Для бала, который должен был состояться в честь «северян», Мадам Антуанетта заказала у меня костюм Габриэли д’Эстре[93]. Черная шляпка с белыми перьями, огромными перьями цапли, украшенная четырьмя алмазами и алмазной петлицей. Платье спереди было также все украшено алмазами, как и пояс, который стягивал талию. Платье было из белого и золотистого газа, усеянного блестками, с золотыми воланами, опять же усыпанными алмазами. Этот наряд держал меня в страхе вплоть до того момента, когда я передала его в руки королевы. Это было уже не просто платье, а коллекция в стиле Бемер и Бассанж. Я очень боялась, что у меня украдут все эти драгоценные украшения.

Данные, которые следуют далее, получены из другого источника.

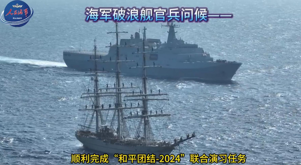 9月9日,正在执行远海实习访问任务的海军破浪舰,在驶向第一站越南的航程中,“偶遇”顺利完成“和平团结-2024”联合演习任务的海军五指山舰、祁连山舰和合肥舰编队返航,双方任务官兵展开了一段暖心对话。

Женщины соревновались в элегантности. Полиньяк утверждала, что дамы даже забывали танцевать в Зеркальной галерее, поскольку были полностью поглощены сравнением своих туалетов. По их милому мнению, самые красивые шляпки появились в Трианоне в вечер спектакля «Царь и Азор». Например, шляпка Бертен на голове Марии Вюртембергской, на которой рядом с золотой розой балансировала крошечная птичка из драгоценных камней, сидящая на самом верху этой пирамиды. Прикрепленный к пружине маленький певун колебался и хлопал крыльями при малейшем движении головы.

— Какой очаровательный головной убор, как мне нравится эта пташка…

Королева тоже не замедлила сделать комплимент по поводу шляпки. Принцесса Мария была так добра, что сообщила мне об этом. Меня тронула ее простота, ее счастье оттого, что она снова могла радоваться.

Новый небольшой поход в ателье месье Греза и Гудона, крепостная охота при свете факелов, поездка в Севр, Марли или Шантилли, и наши гости из России покинули страну тысячи и одного праздника. Перед отъездом великая герцогиня прошлась по всем бутикам французской столицы, хорошенько обобрав их. Она повезла на родину более двух сотен сундуков с платьями и безделушками! И это все были работы лучших мастеров! Из всех ее заказов мне, конечно, достался самый значительный, самый прекрасный. Ателье работало день и ночь, чтобы выполнить его достойно.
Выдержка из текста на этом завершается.